ACTIVITY ::
Your task is to reproduce exactly the lines from the one containing "釜飯駅弁向けのプラ容器に炊込" through the last line below, both ends included, and nothing else, with no pictures.

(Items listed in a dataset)
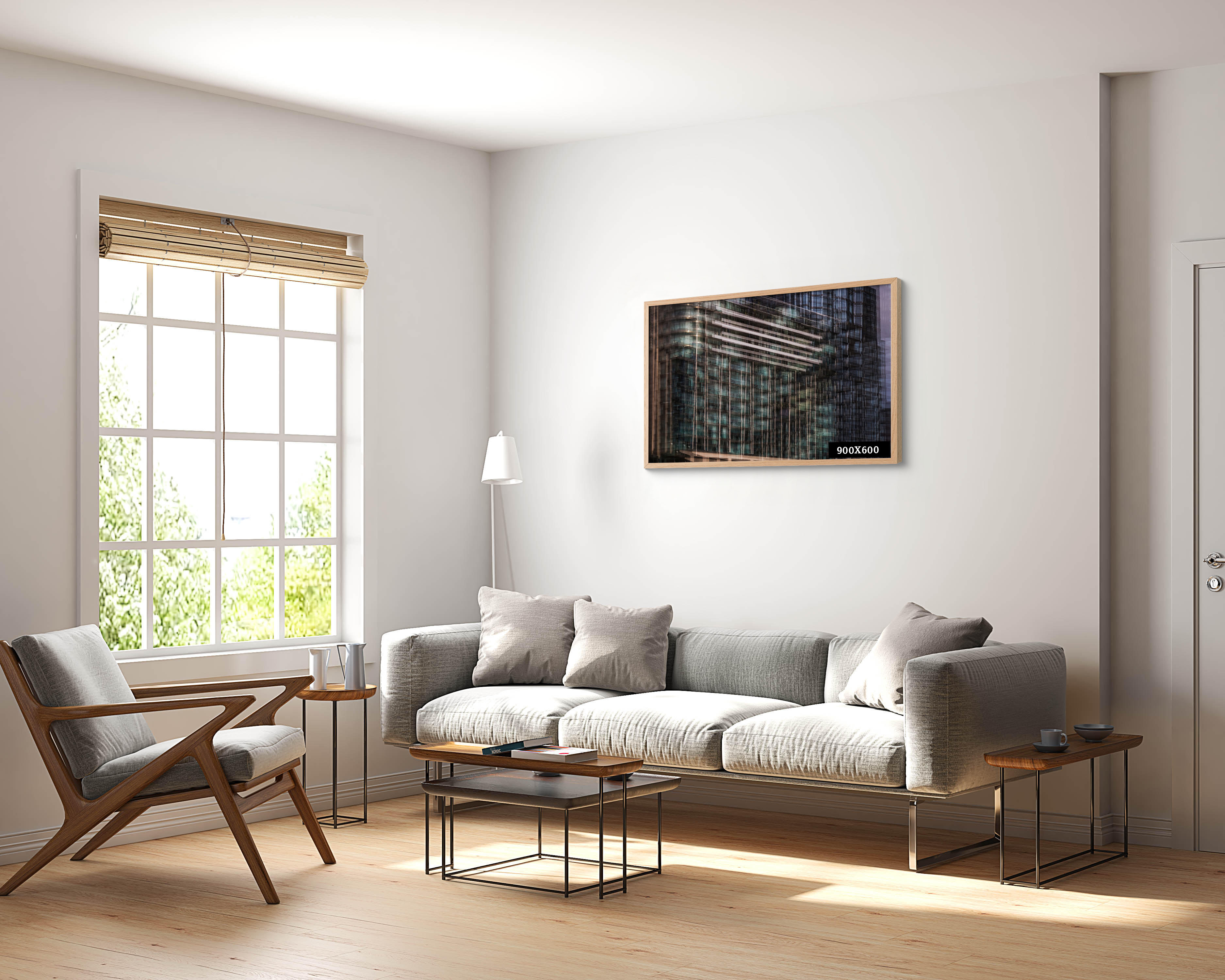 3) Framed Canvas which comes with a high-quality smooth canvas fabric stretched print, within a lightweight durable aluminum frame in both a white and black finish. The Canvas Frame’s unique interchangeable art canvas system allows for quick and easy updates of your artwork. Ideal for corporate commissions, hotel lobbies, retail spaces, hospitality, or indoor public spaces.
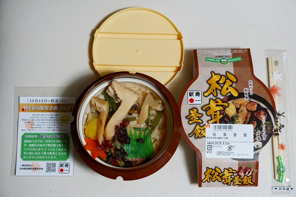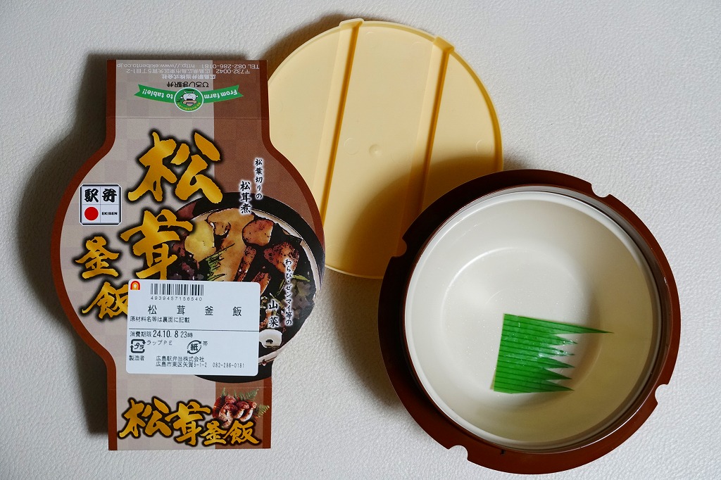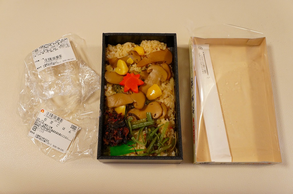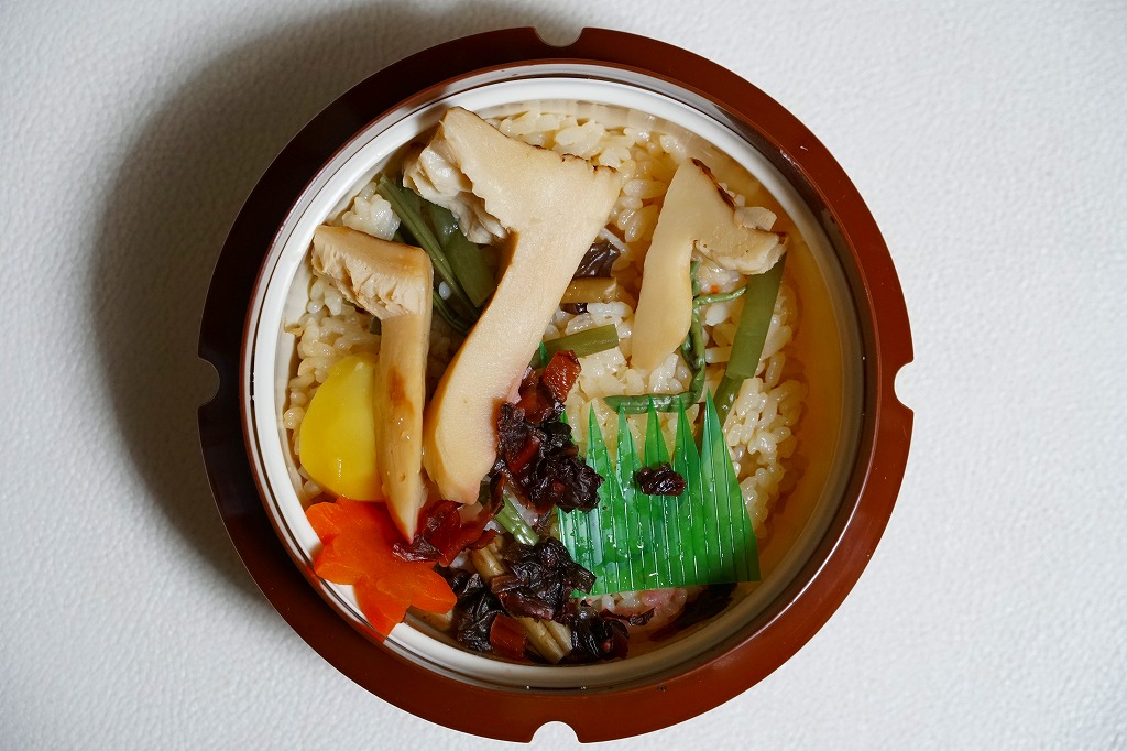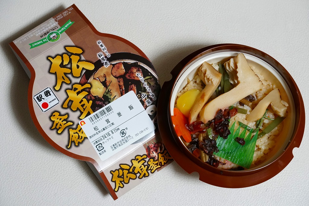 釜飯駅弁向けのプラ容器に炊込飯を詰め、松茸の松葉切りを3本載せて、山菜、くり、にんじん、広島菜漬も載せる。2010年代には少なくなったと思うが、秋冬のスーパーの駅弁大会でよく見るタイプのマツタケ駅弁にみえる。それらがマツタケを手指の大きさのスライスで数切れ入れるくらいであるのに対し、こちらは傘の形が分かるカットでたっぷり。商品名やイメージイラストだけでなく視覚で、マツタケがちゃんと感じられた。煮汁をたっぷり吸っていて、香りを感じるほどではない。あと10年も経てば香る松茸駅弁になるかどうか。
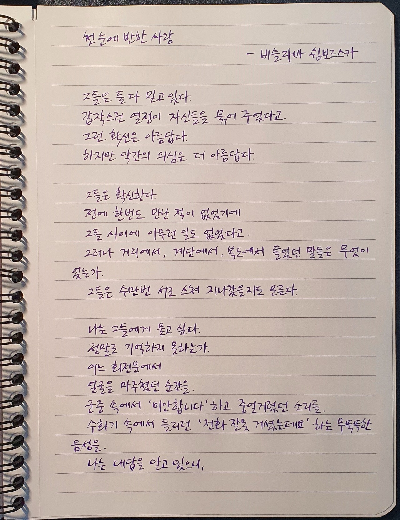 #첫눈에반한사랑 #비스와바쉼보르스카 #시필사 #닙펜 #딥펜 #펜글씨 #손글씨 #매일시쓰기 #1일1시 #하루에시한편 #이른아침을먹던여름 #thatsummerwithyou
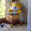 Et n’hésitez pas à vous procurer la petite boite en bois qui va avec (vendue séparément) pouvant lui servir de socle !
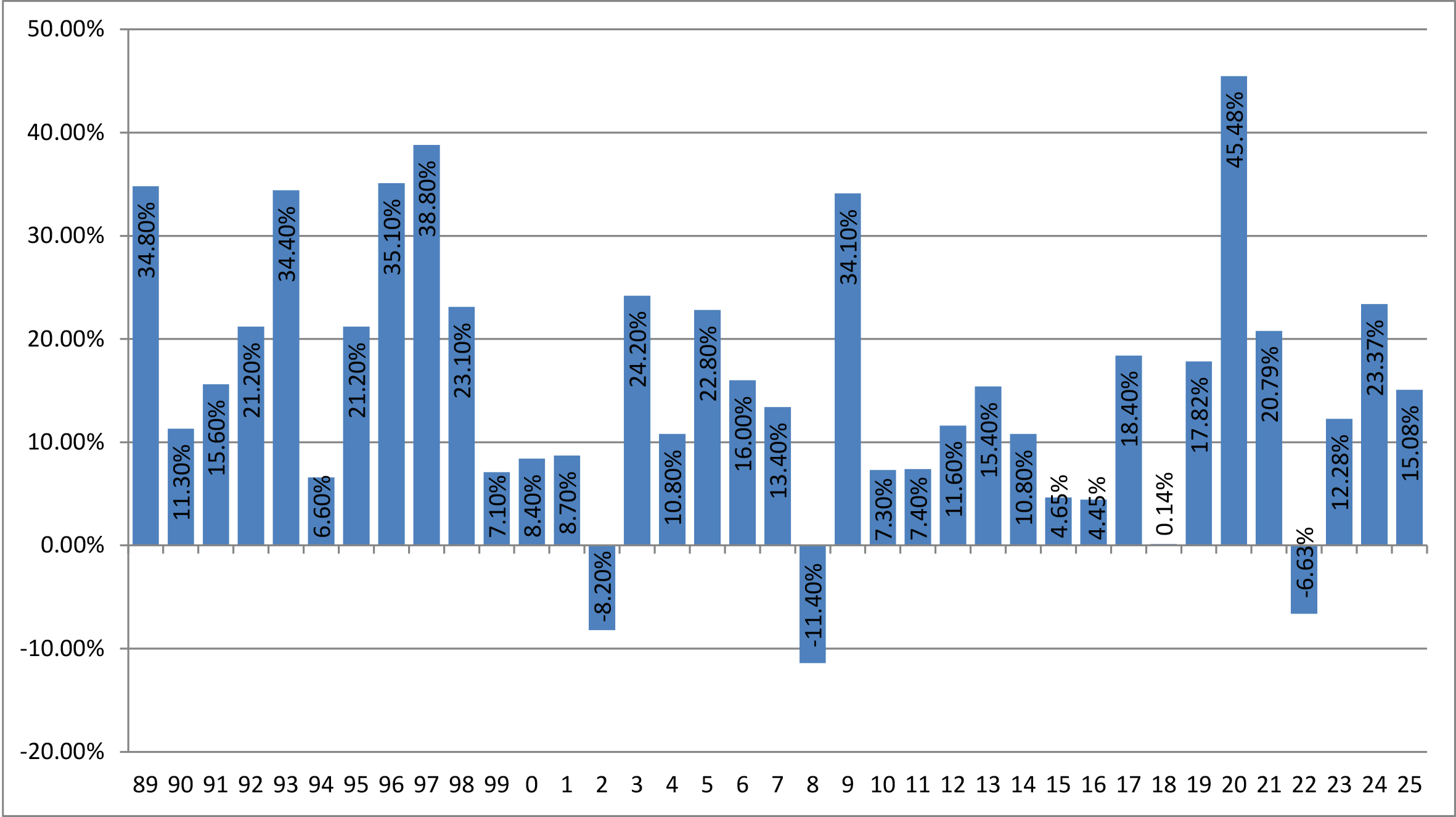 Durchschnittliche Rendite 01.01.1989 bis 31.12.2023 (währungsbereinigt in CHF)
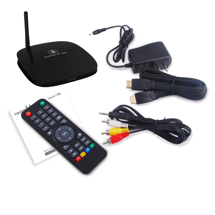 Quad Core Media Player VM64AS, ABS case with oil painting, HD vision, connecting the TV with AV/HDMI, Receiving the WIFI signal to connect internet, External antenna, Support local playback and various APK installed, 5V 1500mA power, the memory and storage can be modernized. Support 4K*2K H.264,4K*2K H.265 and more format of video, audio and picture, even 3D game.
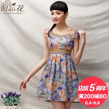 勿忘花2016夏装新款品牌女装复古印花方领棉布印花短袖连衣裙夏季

EXPECTED ANSWER ::
 釜飯駅弁向けのプラ容器に炊込飯を詰め、松茸の松葉切りを3本載せて、山菜、くり、にんじん、広島菜漬も載せる。2010年代には少なくなったと思うが、秋冬のスーパーの駅弁大会でよく見るタイプのマツタケ駅弁にみえる。それらがマツタケを手指の大きさのスライスで数切れ入れるくらいであるのに対し、こちらは傘の形が分かるカットでたっぷり。商品名やイメージイラストだけでなく視覚で、マツタケがちゃんと感じられた。煮汁をたっぷり吸っていて、香りを感じるほどではない。あと10年も経てば香る松茸駅弁になるかどうか。
 #첫눈에반한사랑 #비스와바쉼보르스카 #시필사 #닙펜 #딥펜 #펜글씨 #손글씨 #매일시쓰기 #1일1시 #하루에시한편 #이른아침을먹던여름 #thatsummerwithyou
 Et n’hésitez pas à vous procurer la petite boite en bois qui va avec (vendue séparément) pouvant lui servir de socle !
 Durchschnittliche Rendite 01.01.1989 bis 31.12.2023 (währungsbereinigt in CHF)
 Quad Core Media Player VM64AS, ABS case with oil painting, HD vision, connecting the TV with AV/HDMI, Receiving the WIFI signal to connect internet, External antenna, Support local playback and various APK installed, 5V 1500mA power, the memory and storage can be modernized. Support 4K*2K H.264,4K*2K H.265 and more format of video, audio and picture, even 3D game.
 勿忘花2016夏装新款品牌女装复古印花方领棉布印花短袖连衣裙夏季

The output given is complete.